Aim of the task: Reproduce the section of the listing that begins at the line containing "Une fois que" and finishes at the line containing "Als het tweespan". Include both end lines and nothing beyond them.

Dataset records:
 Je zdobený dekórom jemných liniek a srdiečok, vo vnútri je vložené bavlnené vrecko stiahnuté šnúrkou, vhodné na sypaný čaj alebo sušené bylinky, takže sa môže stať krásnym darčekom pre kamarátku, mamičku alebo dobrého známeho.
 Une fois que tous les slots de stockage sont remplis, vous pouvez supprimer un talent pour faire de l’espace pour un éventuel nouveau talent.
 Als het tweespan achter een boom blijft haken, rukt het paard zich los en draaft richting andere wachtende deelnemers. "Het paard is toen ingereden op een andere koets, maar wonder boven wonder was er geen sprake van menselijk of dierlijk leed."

--

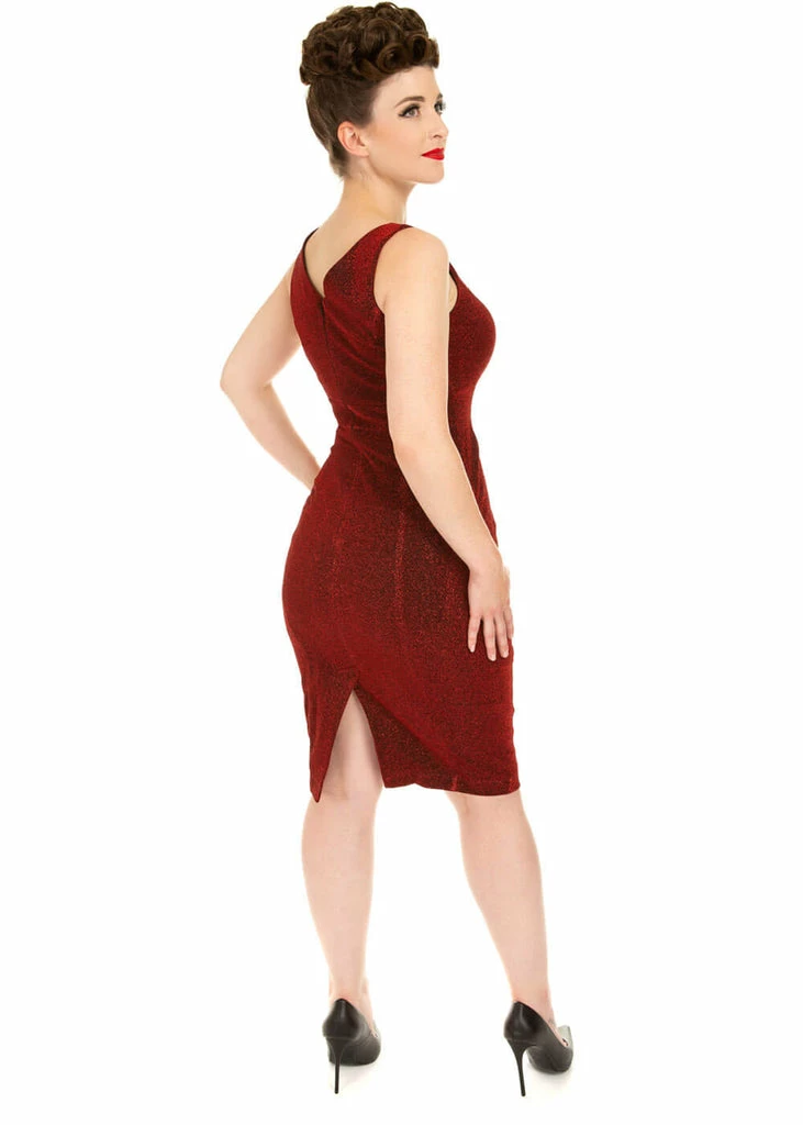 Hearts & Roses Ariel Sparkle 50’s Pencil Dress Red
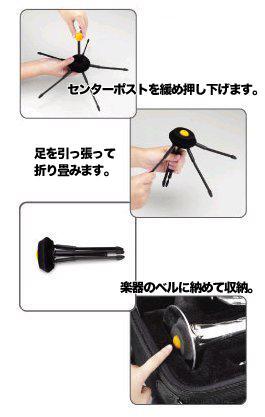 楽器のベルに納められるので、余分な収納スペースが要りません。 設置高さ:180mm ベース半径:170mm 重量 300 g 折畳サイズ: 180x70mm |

---

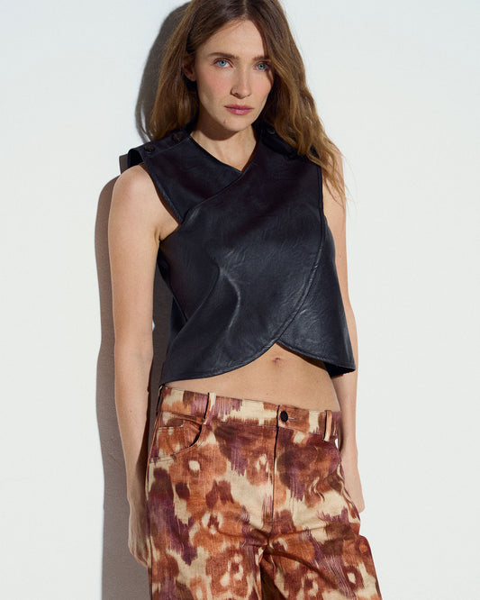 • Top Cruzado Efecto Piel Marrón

Problem solution:
 Une fois que tous les slots de stockage sont remplis, vous pouvez supprimer un talent pour faire de l’espace pour un éventuel nouveau talent.
 Als het tweespan achter een boom blijft haken, rukt het paard zich los en draaft richting andere wachtende deelnemers. "Het paard is toen ingereden op een andere koets, maar wonder boven wonder was er geen sprake van menselijk of dierlijk leed."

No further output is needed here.